MEEPAGO.COM- Wakil Bupati Nabire, Burhanuddin Pawennari, mengajak masyarakat menjadikan perayaan Idul Fitri 1447 Hijriah sebagai momentum mempererat kerukunan antarumat beragama di daerah tersebut.
Ajakan itu disampaikan saat memberikan sambutan pada pelaksanaan salat Idul Fitri di Masjid Agung Al Falah, Sabtu.
Ia menekankan bahwa Idul Fitri merupakan waktu yang tepat untuk kembali kepada fitrah, sekaligus membangun pribadi yang lebih bersih, sabar, dan peduli terhadap sesama.
Menurutnya, Pemerintah Kabupaten Nabire terus mendorong masyarakat menjaga harmoni sosial di tengah keberagaman suku, agama, dan budaya.
Nilai-nilai yang ditanamkan selama bulan Ramadhan, seperti keikhlasan, kesabaran, kebersamaan, serta kepedulian sosial, diharapkan dapat terus diterapkan dalam kehidupan sehari-hari.
“Perbedaan harus menjadi kekuatan untuk mempererat persaudaraan, bukan sebaliknya,” ujarnya.
Ia juga mengimbau masyarakat untuk menjaga keamanan dan ketertiban, sekaligus mempererat tali silaturahmi dalam suasana Lebaran.
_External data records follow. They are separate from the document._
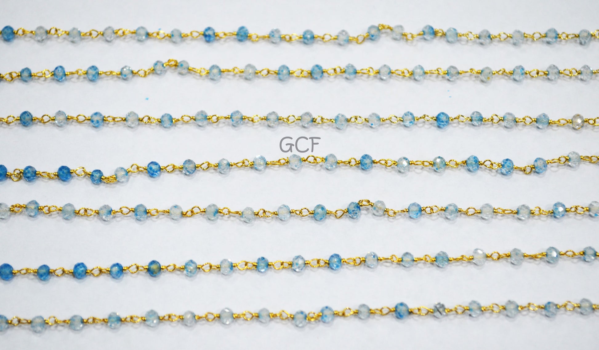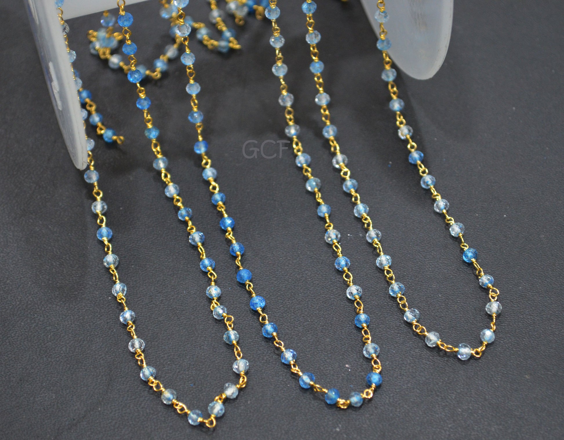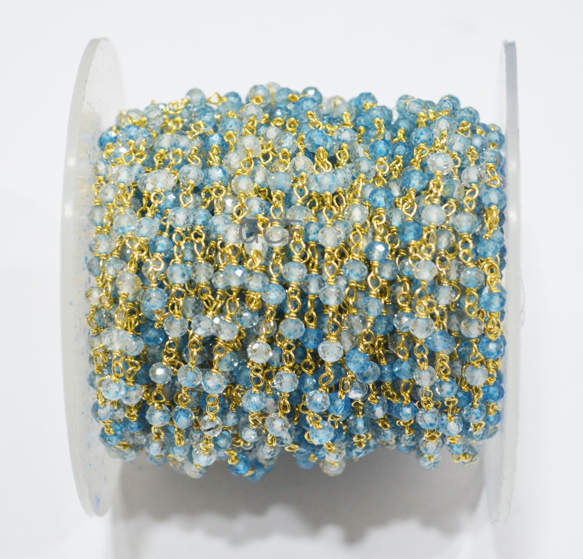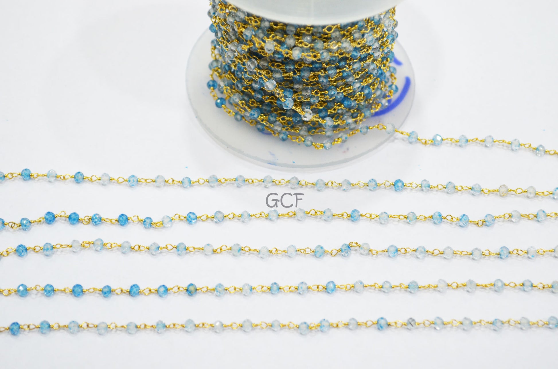 Shaded Swiss Blue Topaz Faceted Rondelle Shape Rosary Beaded Chain , Swiss Blue Topaz Wire Wrapped Chain , 3 mm , 6766
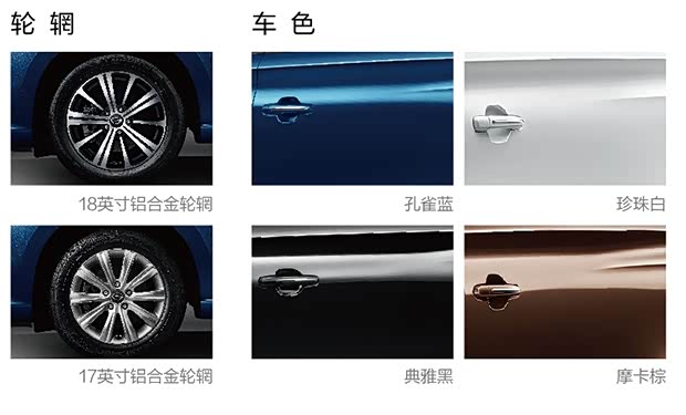 新车低配车型采用的是225/60 R17尺寸的轮胎,高配车型采用225/55 R18尺寸的轮胎,都搭配铝合金轮圈,但轮圈样式也有不同。在车身颜色方面,新车带有孔雀蓝、珍珠白、典雅黑和摩卡棕四种颜色供消费者选择。
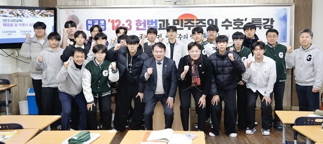 ‘12·3 계엄’ 1년 맞아 광주고서 특강…“교과서 넘어, 삶으로 민주주의 실천해야”
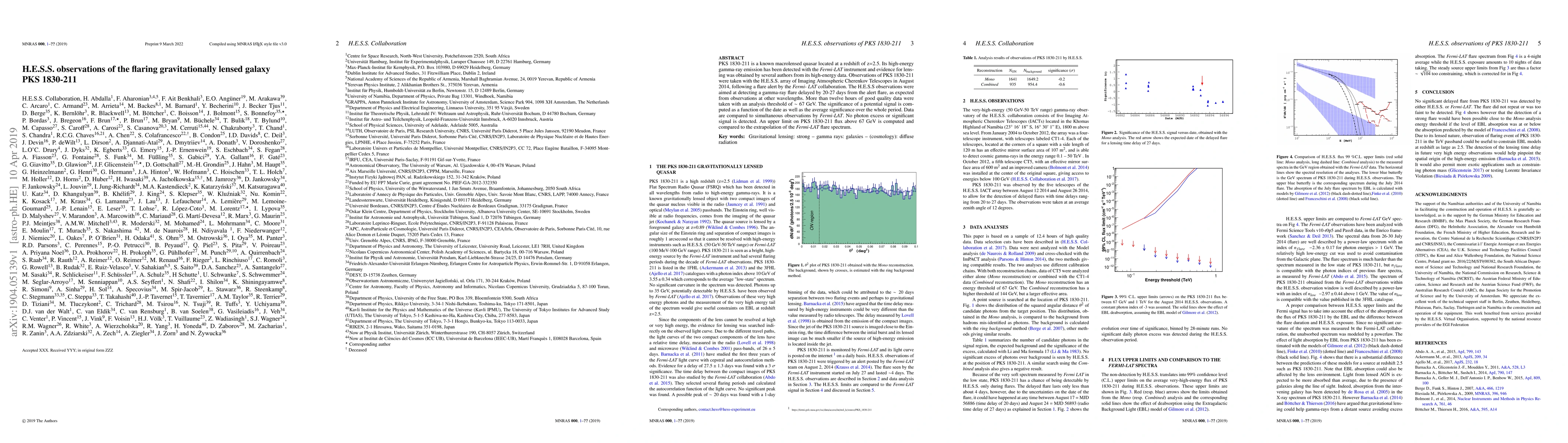 The H.E.S.S. observations of the gravitationally lensed quasar PKS 1830-211 following a Fermi-LAT flare detected no significant gamma-ray signal above 67 GeV, setting an upper limit on its flux and confirming the absence of a delayed gamma-ray flare.
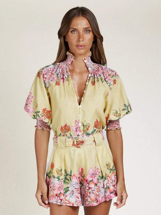 State 0f Embrace - Tropic Blooms Top - Lemon
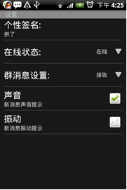 当然,AndroidQQ也支持更多的设置项:声音震动提示、在线状态和个性签名的管理,以及群屏蔽的管理,所有的设置一个界面就能搞定。
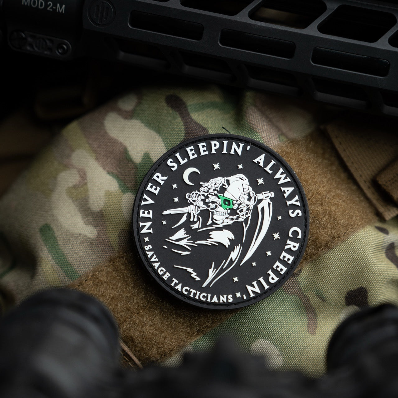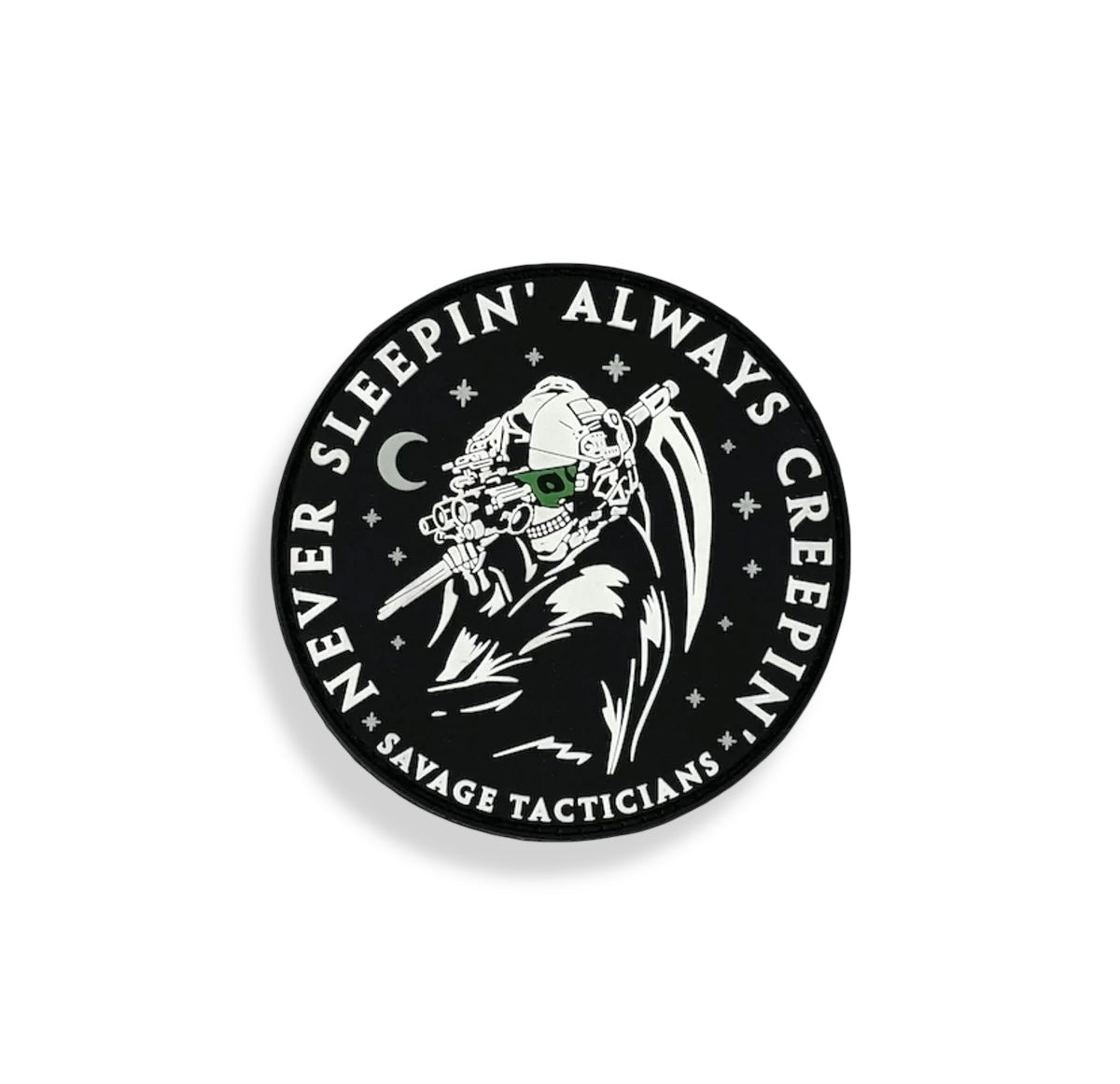 The Creepin' patch is a tough, heavy-duty PVC emblem built to endure the harshest conditions. Its round, 3-inch design makes a bold impact, and the molded hook and loop fastener backing allows for quick, secure attachment to most fabrics. Featuring a glow-in-the-dark element, this patch adds an extra layer of stealth and edge for those who move with precision under cover of darkness.

Sebagai daerah yang majemuk, ia menegaskan pentingnya menjaga persatuan sebagai modal utama dalam pembangunan.
“Nabire adalah rumah bersama, sehingga semangat kebersamaan dan saling menghargai harus terus dipelihara,” katanya.
Sementara itu, Ketua Majelis Ulama Indonesia Kabupaten Nabire, Rohimin Abdul Rahman, dalam khutbahnya mengajak umat Islam untuk memaknai kembali pelajaran Ramadhan, baik dalam hubungan dengan Tuhan maupun sesama manusia.
Ia juga mengingatkan pentingnya kepedulian terhadap masyarakat yang membutuhkan agar kebahagiaan Idul Fitri dapat dirasakan secara merata.
Pemerintah Kabupaten Nabire berharap momentum Idul Fitri mampu semakin memperkuat persatuan dan kerukunan masyarakat. Pelaksanaan salat Idul Fitri di wilayah tersebut berlangsung khidmat meski diguyur hujan sejak pagi. Warga tetap antusias mendatangi masjid untuk menunaikan ibadah.(**)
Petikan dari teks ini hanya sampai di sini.